** EXERCISE **
In the entries that follow, find the line containing "1862 - 40 cent."; from there, copy every line exactly through the line containing "Komplet 3 daščice".
-------- DATASET RECORDS
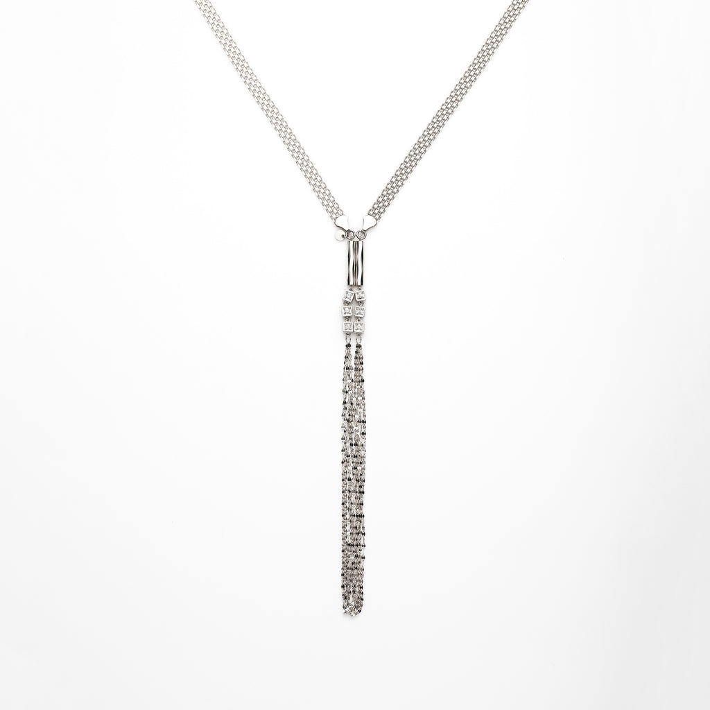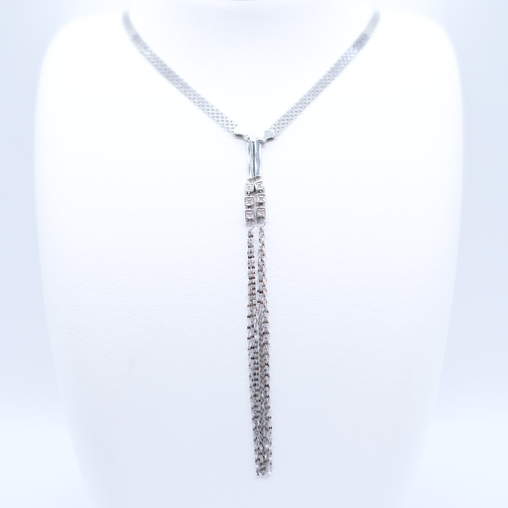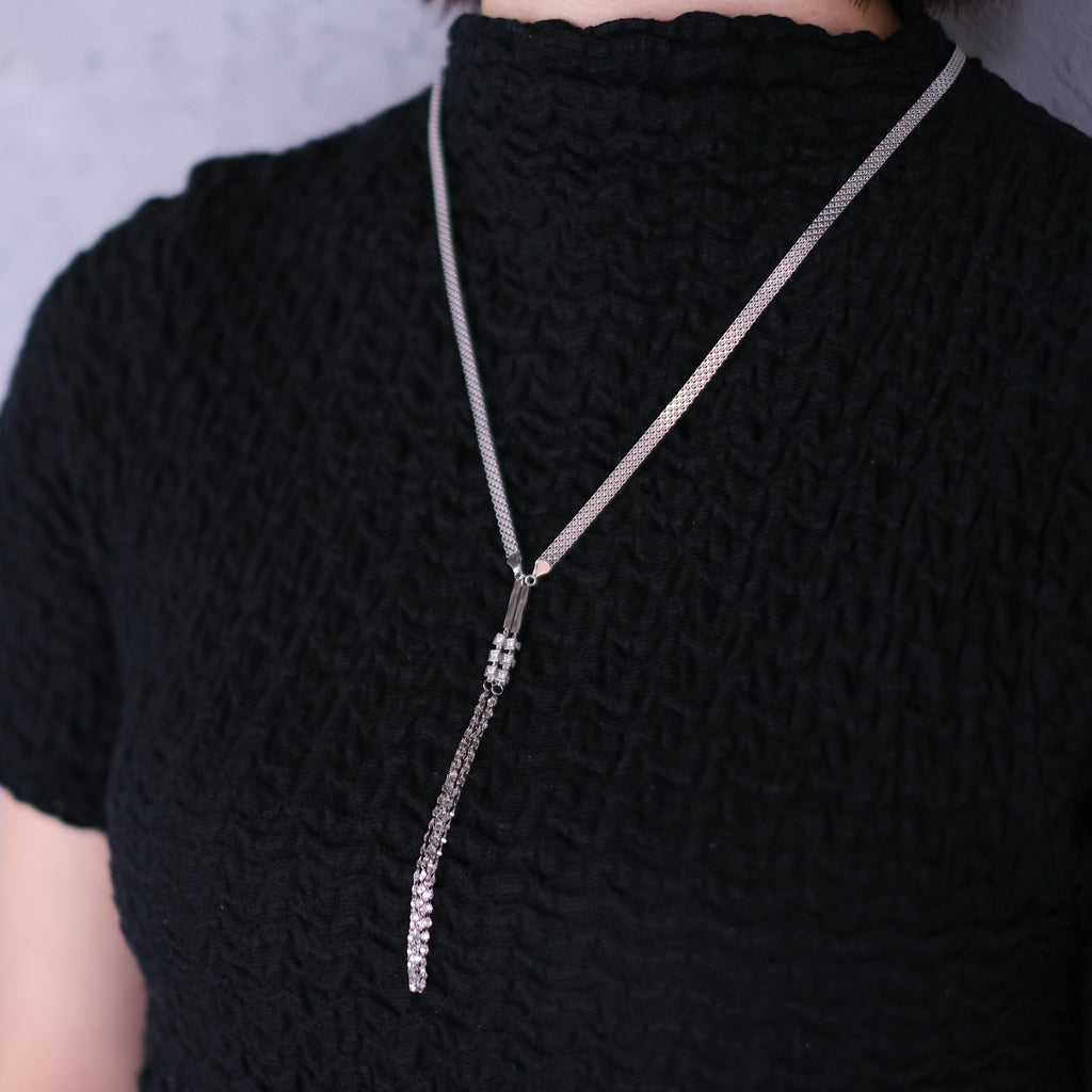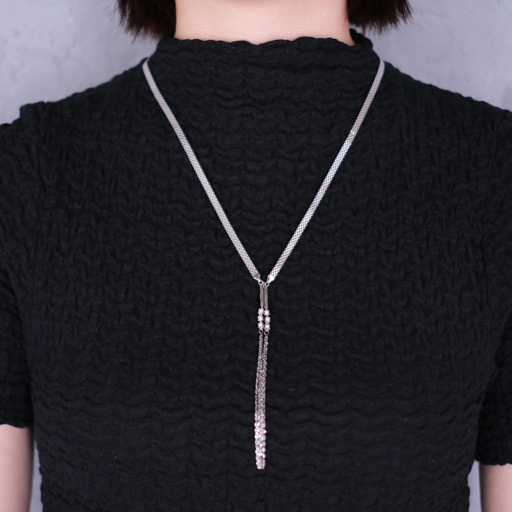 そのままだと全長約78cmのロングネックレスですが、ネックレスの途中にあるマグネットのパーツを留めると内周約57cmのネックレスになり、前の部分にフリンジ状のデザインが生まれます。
----------------
-------- DATASET RECORDS
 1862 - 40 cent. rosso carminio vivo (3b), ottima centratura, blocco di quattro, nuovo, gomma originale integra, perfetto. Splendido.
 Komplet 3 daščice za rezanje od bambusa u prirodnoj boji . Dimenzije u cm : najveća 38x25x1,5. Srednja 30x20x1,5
----------------
-------- DATASET RECORDS
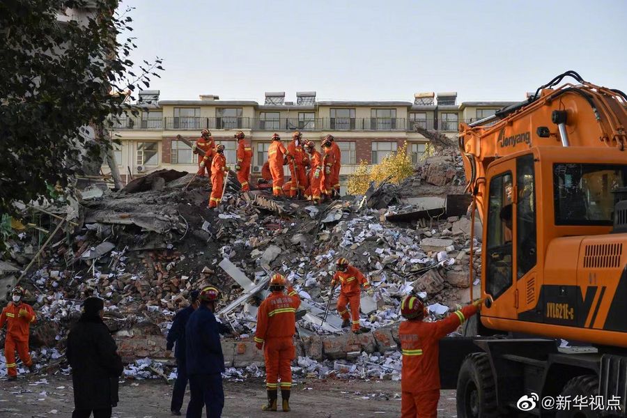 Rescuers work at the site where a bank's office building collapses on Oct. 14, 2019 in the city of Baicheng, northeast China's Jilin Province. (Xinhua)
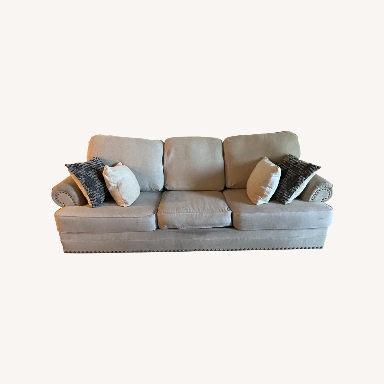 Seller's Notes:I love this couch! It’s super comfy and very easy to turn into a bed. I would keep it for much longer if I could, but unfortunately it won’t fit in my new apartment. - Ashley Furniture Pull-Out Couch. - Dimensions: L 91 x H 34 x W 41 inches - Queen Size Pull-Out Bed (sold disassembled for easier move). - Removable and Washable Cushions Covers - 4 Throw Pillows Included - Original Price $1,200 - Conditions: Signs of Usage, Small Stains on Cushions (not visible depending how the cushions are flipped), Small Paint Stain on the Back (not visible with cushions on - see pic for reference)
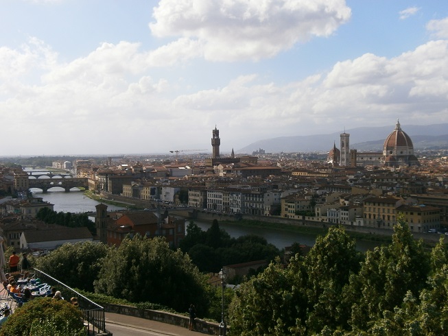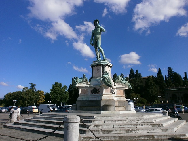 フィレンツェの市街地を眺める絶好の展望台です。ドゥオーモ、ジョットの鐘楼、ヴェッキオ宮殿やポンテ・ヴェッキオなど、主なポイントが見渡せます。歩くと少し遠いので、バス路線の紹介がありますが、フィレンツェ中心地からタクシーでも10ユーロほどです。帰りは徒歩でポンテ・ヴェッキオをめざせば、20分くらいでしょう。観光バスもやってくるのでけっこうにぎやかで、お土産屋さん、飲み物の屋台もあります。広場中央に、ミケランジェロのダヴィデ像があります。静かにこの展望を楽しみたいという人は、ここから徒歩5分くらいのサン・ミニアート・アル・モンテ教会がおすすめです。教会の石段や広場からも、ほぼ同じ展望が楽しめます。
----------------
** EXERCISE OUTPUT **
 1862 - 40 cent. rosso carminio vivo (3b), ottima centratura, blocco di quattro, nuovo, gomma originale integra, perfetto. Splendido.
 Komplet 3 daščice za rezanje od bambusa u prirodnoj boji . Dimenzije u cm : najveća 38x25x1,5. Srednja 30x20x1,5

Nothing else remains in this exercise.